Beyond training programs

According to Smillie, this implies much more than offering training programs, which often just provide information. "In the spread from simply providing information to changing the behaviour of [individuals or] organizations, you go from a fairly simple level of capacity building to something much more complex. The more complex it is, the more time it's going to take and the more difficult it's going to be. So it's important to think through what we mean by capacity building when we set out on that path."

"The next question is: Whose capacity is going to be strengthened? Is it individuals? Is it an organization? Is it a sector? Or are we talking about civil society as a whole?" asks Smillie. "And why build capacities? Is it to get organizations locally to do what outsiders want them to do, or is to help them to do better what they think is required: to engage and influence the political system and the socioeconomic system, in terms of how they see their future?"

Key issues

As Patronage or Partnership reveals, there are often more questions than answers. One of the issues raised by the case studies is: Who has the capacity to build capacities? "A lot of the people who work in emergencies are young and highly stressed. They may not know the local context. They may not have the skills or the background to do what's required," says Smillie.

Another issue is money. "The $5 and $10 donors want to see their money go to helping people in trouble. They're not necessarily interested in long-term solutions. The same thing [applies to] institutional donors. They have short term funding to do specific things in an emergency. It's often not very focused on building capacities or getting things done in the long run," he says.

Corruption

Additional concerns include finding suitable local organizations to work with, and dealing with corruption. "Of course, there is bound to be corruption in a situation of great desperation where large resources are available. But I can't imagine that in 50 years of the development enterprise, we haven't found ways of managing relationships, [implementing] checks and balances, and finding people who aren't corrupt," says Smillie. Unfortunately, "what happens is that we tend to put in more and more controls. And the more you control, the more you detract from the nature of partnership and the kind of trust that's necessary if you really are going to build capacities."
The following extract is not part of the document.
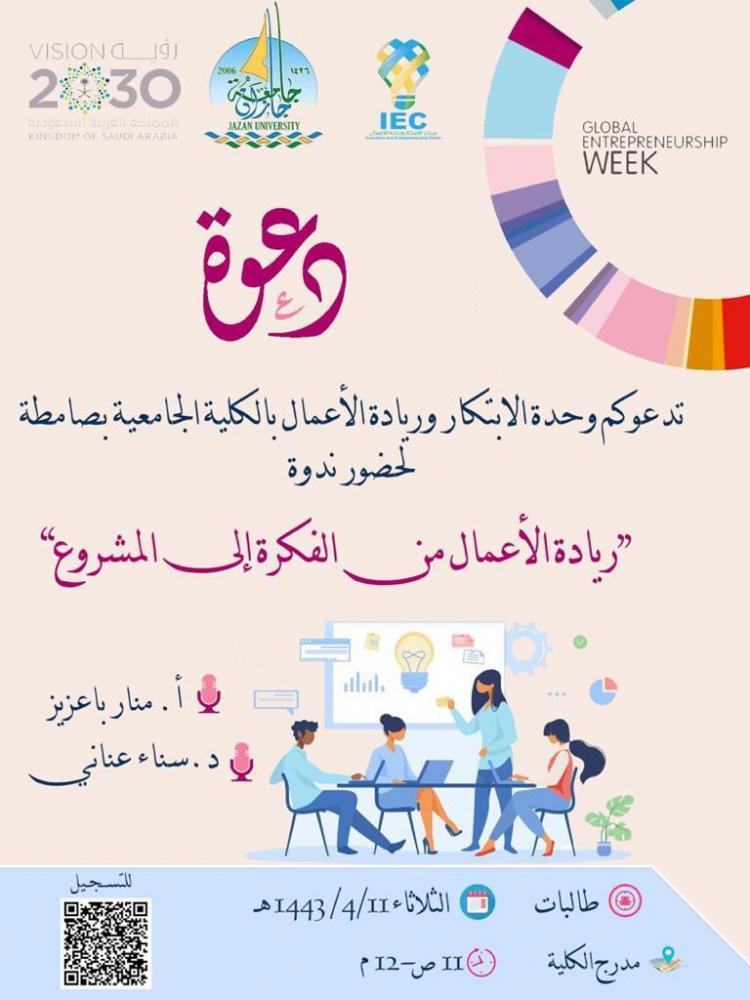 نظّمت وحدة الابتكار وريادة الأعمال في الكلية الجامعية بصامطة ندوة بعنوان (ريادة الأعمال من الفكرة إلى المشروع). نفذتها د.سناء عناني وأ. منار باعزيز، استهدفت طالبات الكلية.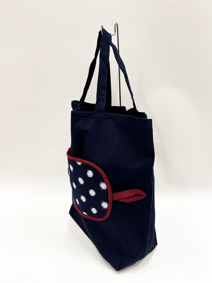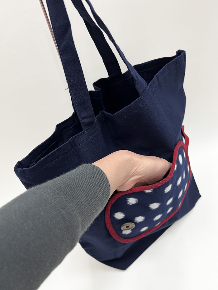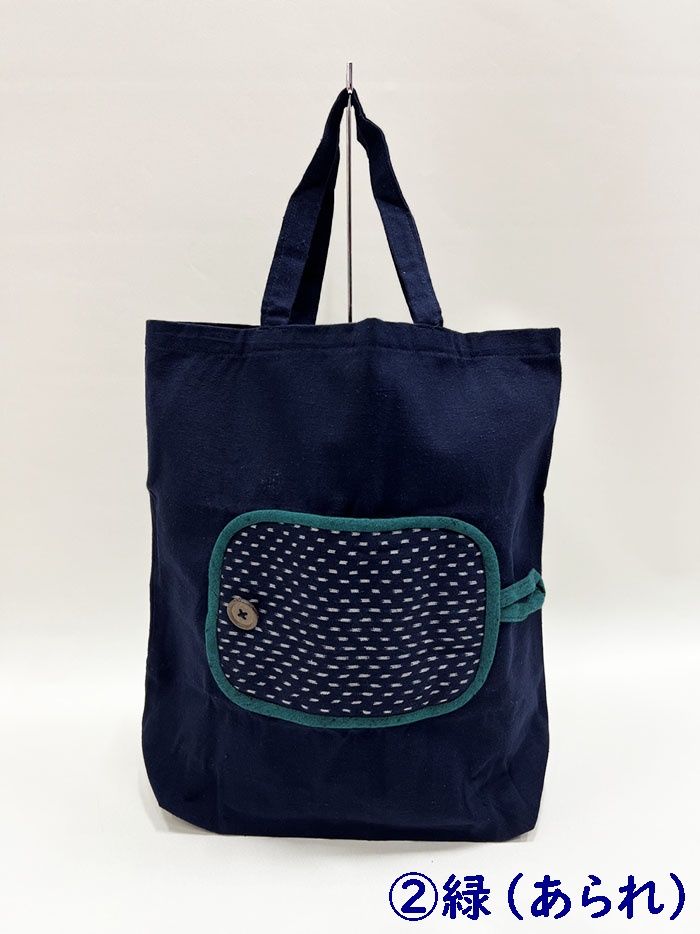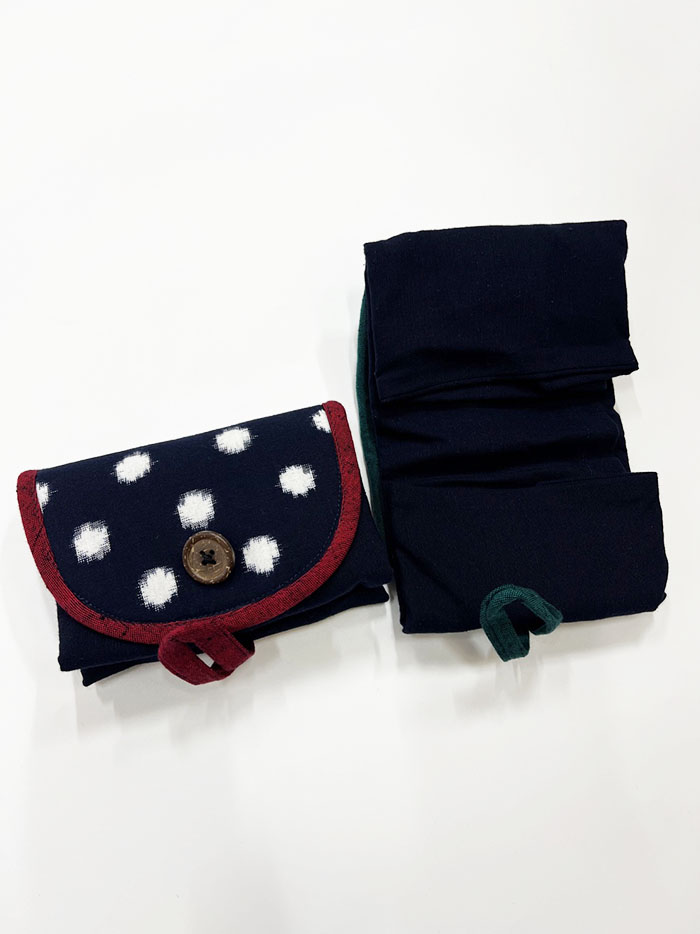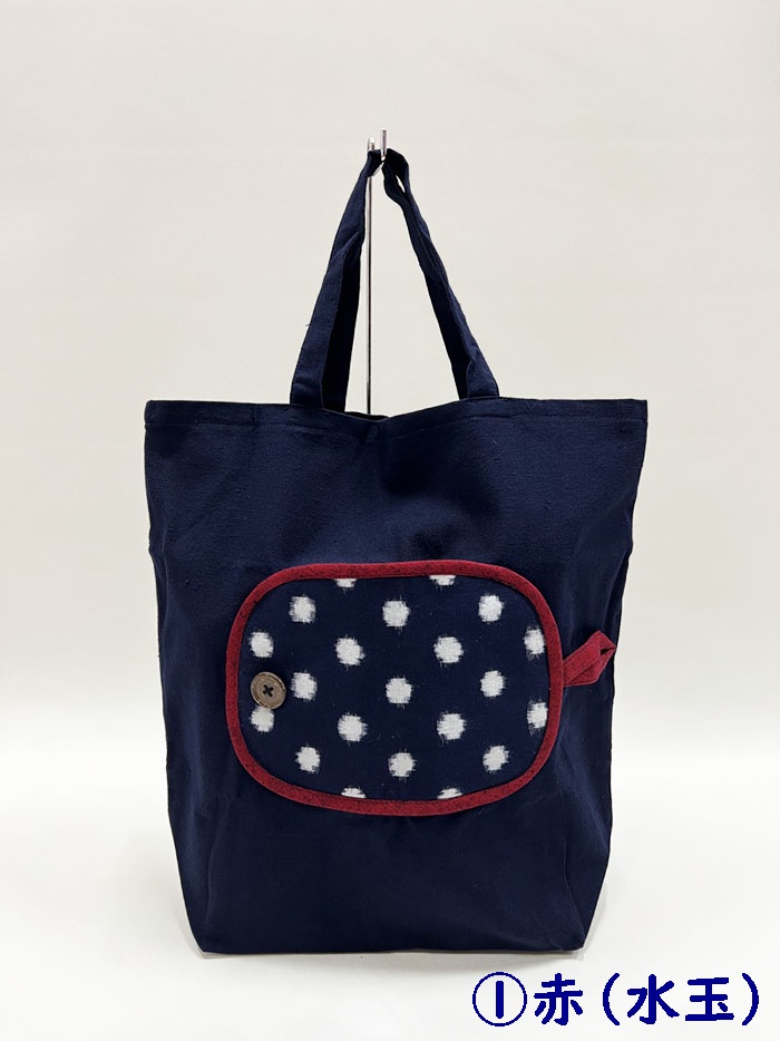 折り畳みできて持ち運びに便利な、久留米絣のエコバッグです。

Lastly, there's the issue of motivation. "Do humanitarian agencies really want to change the status quo?" asks Smillie. "A lot of the work that international organizations do is their bread and butter: it's how they live, it's how they survive, it's how they sustain themselves. In some countries, local organizations are very suspicious of the motivation of international agencies."

No simple recipes

When it comes to building local capacities during emergencies, Patronage or Partnership underlines that there are no simple recipes. What the book does provide, writes Minear, "is a demonstration of the importance of struggling — country by country, conflict by conflict — with the vexing dilemmas of capacity building in all of their complexity."

John Eberlee is the Managing Editor of IDRC Reports Online.